(DATA FOR THIS TASK Opens)

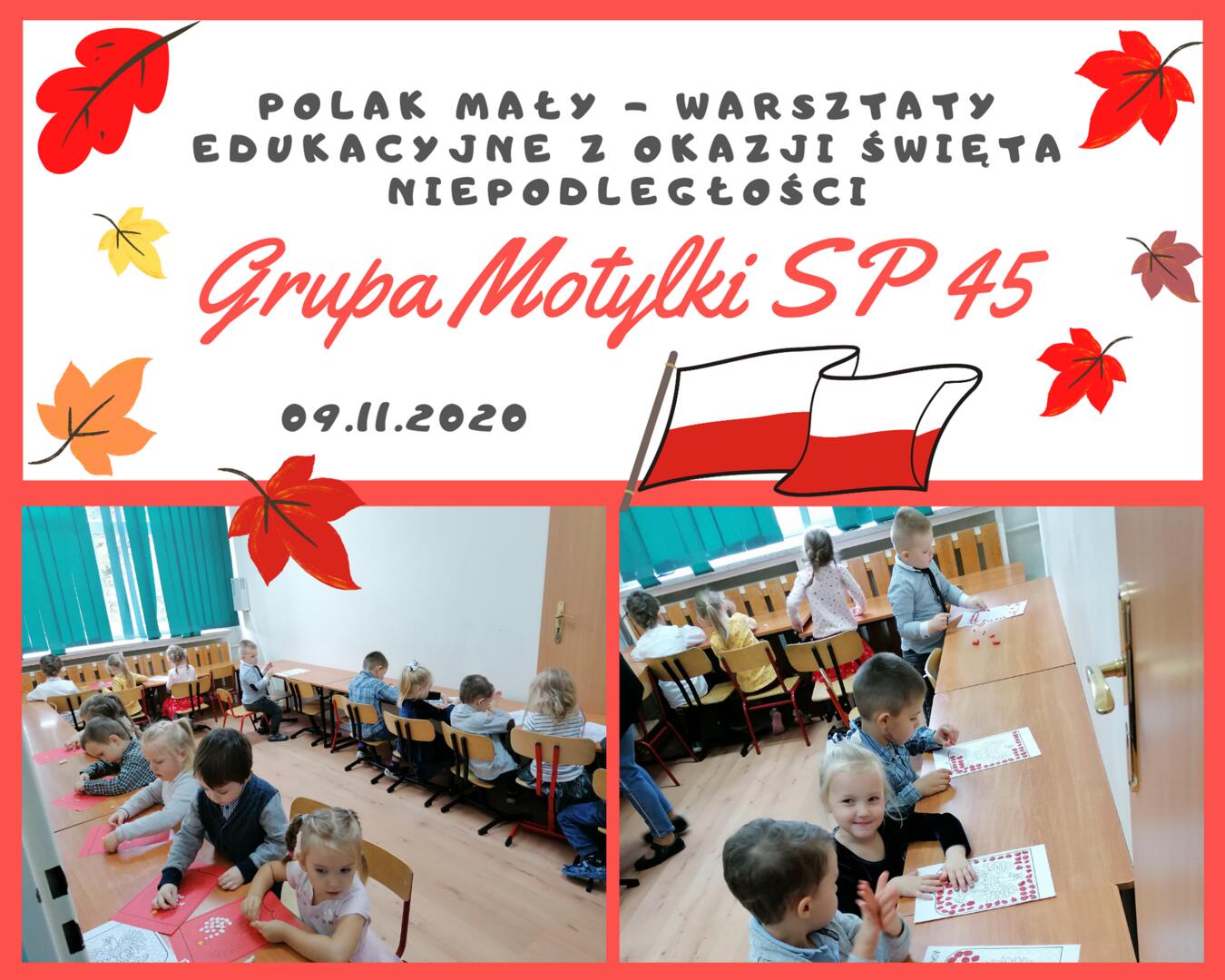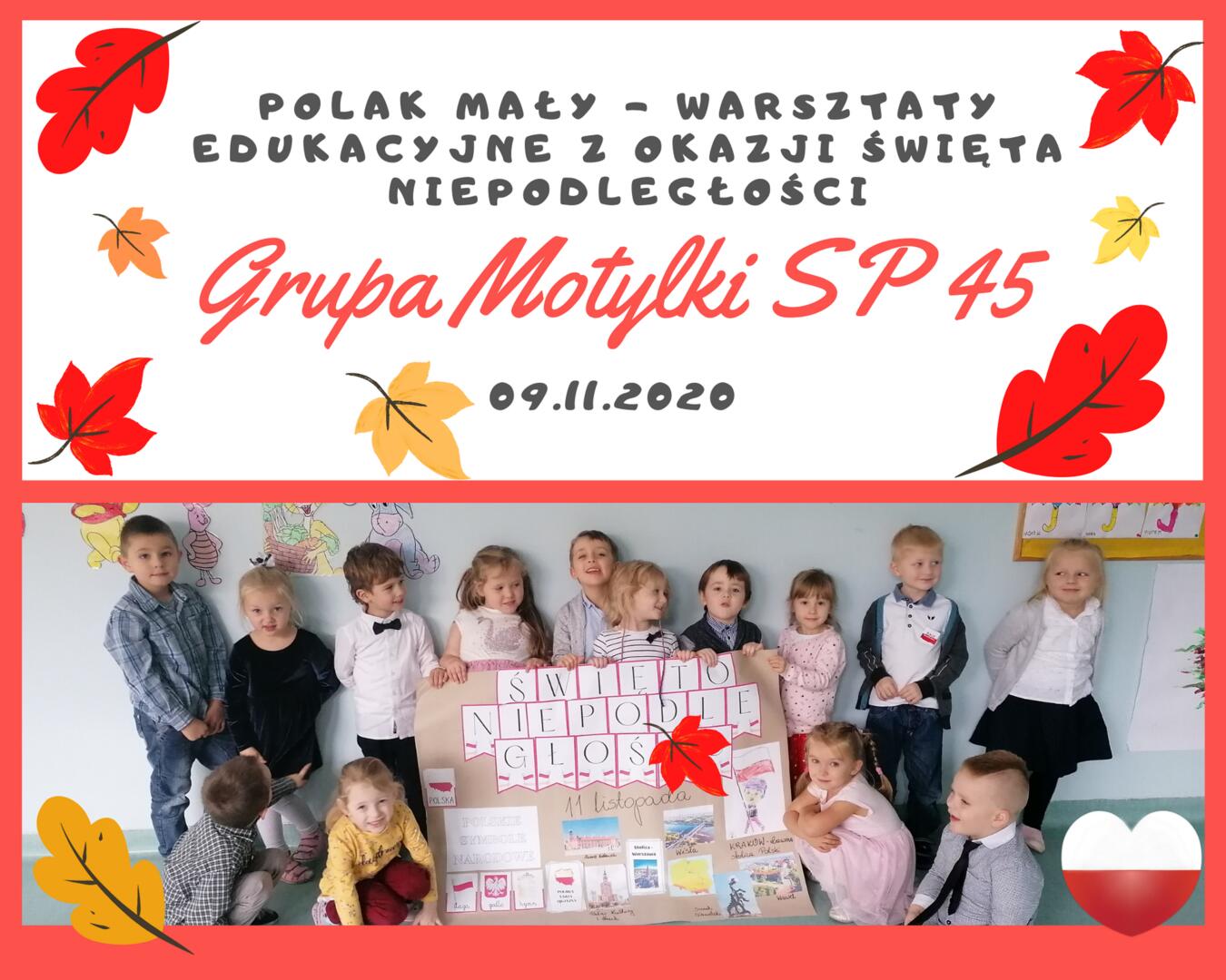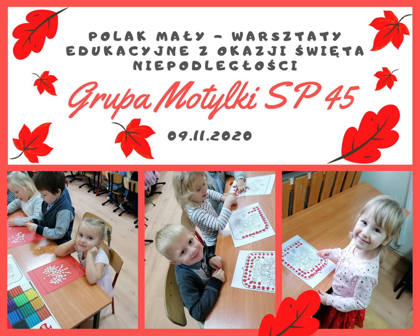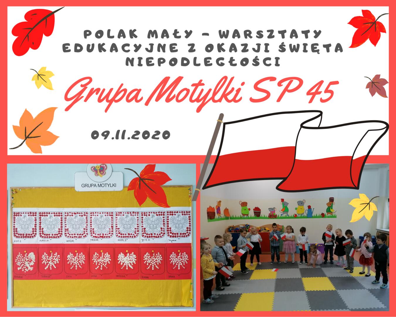 9 listopada w grupie Motylki odbyły się z okazji nadchodzącego Święta Niepodległości - warsztaty edukacyjne pod tytułem "Polak Mały". Przedszkolaki dzięki Pani Adriannie od rytmiki nauczyły się i zaprezentowały układ taneczny "Poleczkę". Następnie dzieci zaśpiewały piosenkę "Jesteśmy Polką i Polakiem". Motylki wspólnie z Panią Eweliną wykonały plakat i nauczyły się rozpoznawać polskie symbole narodowe oraz nauczyły się hymnu "Mazurka Dąbrowskiego". Dzieci poznały również kilka ciekawych informacji o Polsce. Na zakończenie wyklejały plasteliną godło Polski. Poniżej filmiki z udziałem wspaniałych przedszkolaków oraz krótka fotorelacja z warsztatów.
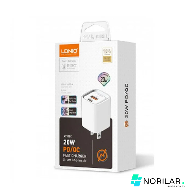 CARGADOR RAPIDO SMART 20W A2318C LDNIO CON CABLE TYPE C
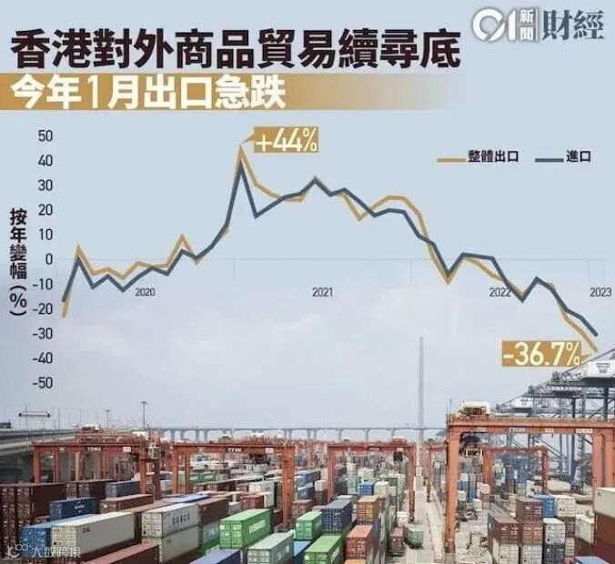 2月27日,香港政府统计处公布数据显示,2023年1月,香港对外贸易出现了70年来最大的跌幅(1953年9月以来)。其中,出口下跌了36.7%,进口下跌了30.2%。
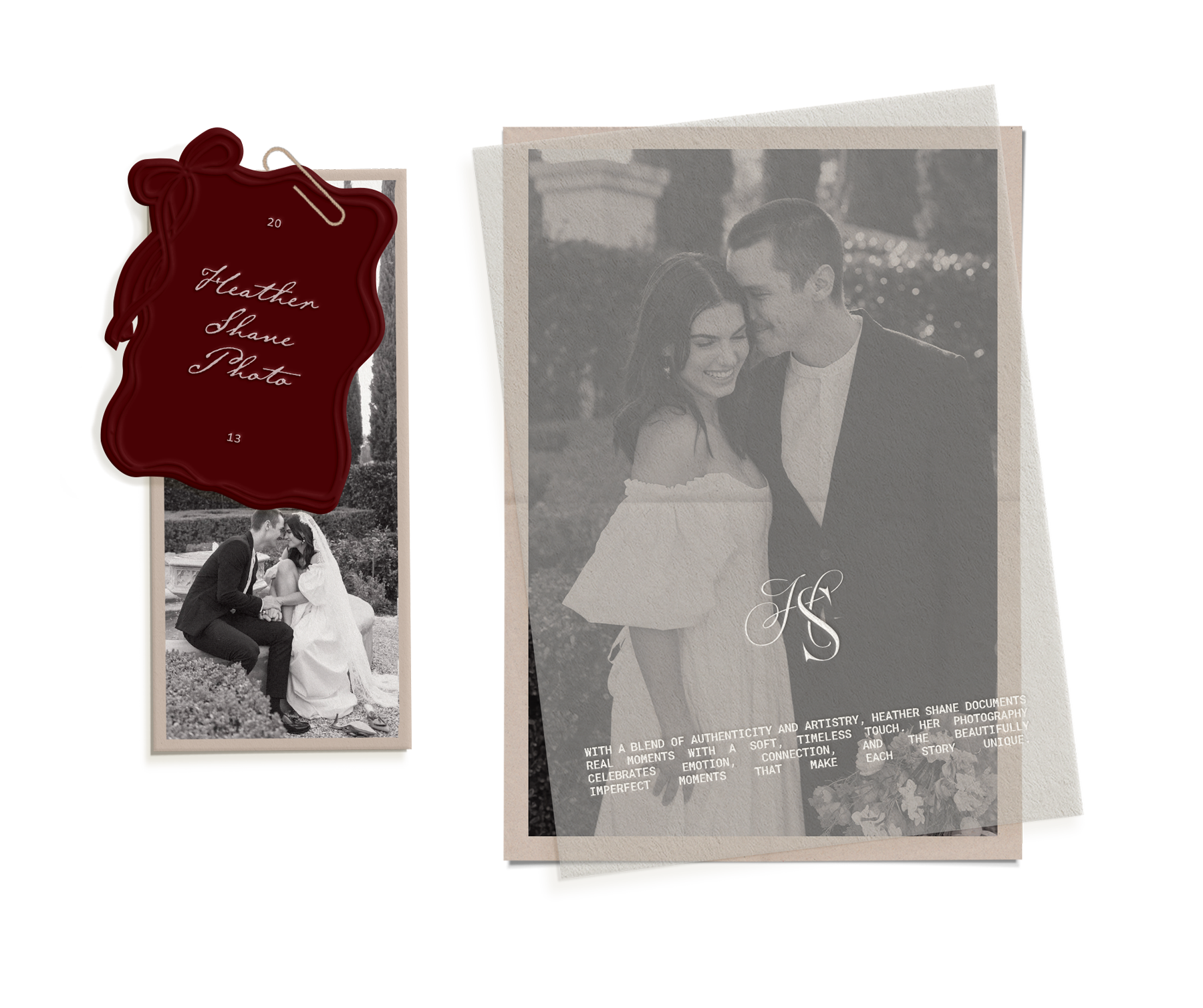 The brand design reflects this vision through a soft, editorial aesthetic that mirrors Heather's style: clean, refined, and gracefully understated. Combining elegant typography with a modern, airy palette, the identity enhances the feeling of luxury and intimacy found in every frame she captures.
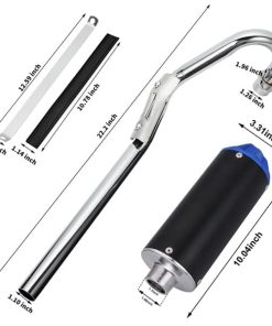 Este kit de modificación de escape completo incluye un silenciador de escape, un tubo de escape, un clip metálico, una junta de goma negra, dos juntas y un juego de tornillos. Diseñado para modelos de Dirt Pit Bike de 90cc, 110cc y 125cc, este accesorio mejorará el rendimiento sonoro de tu motor y filtrará los olores no deseados.
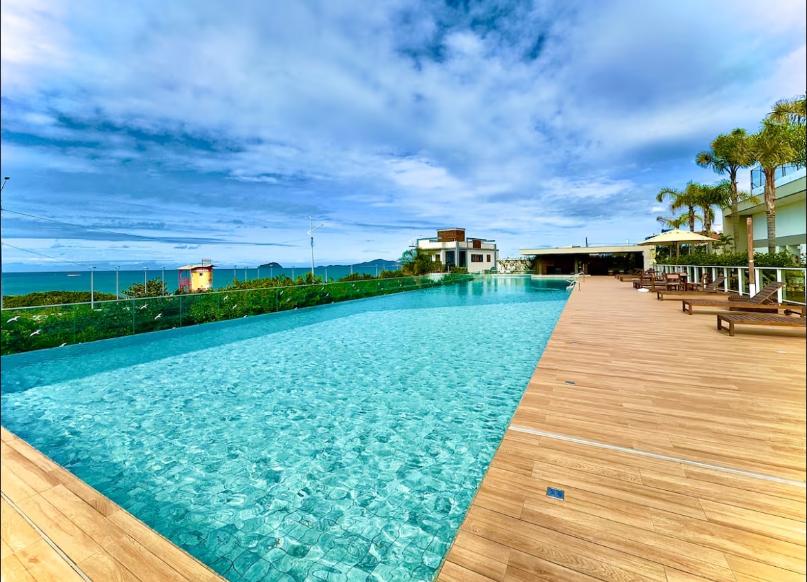 Full Home Club facing the sea. Finely decorated apartment, with sea view, new, with an en-suite plus two bedrooms, large balcony with charcoal barbecue in Home clube that offers a swimming pool with an infinity edge, children's pool, heated pool, wet bar, Jacuzzi, fitness center, sauna, cinema, game room, playroom, Pet space, Kids space, playground, hammock area, beach tennis court and etc. Exclusive access in front of the beach. About 15 km from Beto Carreiro World Park.

(DATA FOR THIS TASK Closes)

*EXERCISE AIM*: Exactly the lines above, from the one containing "CARGADOR RAPIDO SMART" down to the one containing "Este kit de", are to be repeated, including both ends. Pictures are not part of the copy.

*RESPONSE AREA*:
 CARGADOR RAPIDO SMART 20W A2318C LDNIO CON CABLE TYPE C
 2月27日,香港政府统计处公布数据显示,2023年1月,香港对外贸易出现了70年来最大的跌幅(1953年9月以来)。其中,出口下跌了36.7%,进口下跌了30.2%。
 The brand design reflects this vision through a soft, editorial aesthetic that mirrors Heather's style: clean, refined, and gracefully understated. Combining elegant typography with a modern, airy palette, the identity enhances the feeling of luxury and intimacy found in every frame she captures.
 Este kit de modificación de escape completo incluye un silenciador de escape, un tubo de escape, un clip metálico, una junta de goma negra, dos juntas y un juego de tornillos. Diseñado para modelos de Dirt Pit Bike de 90cc, 110cc y 125cc, este accesorio mejorará el rendimiento sonoro de tu motor y filtrará los olores no deseados.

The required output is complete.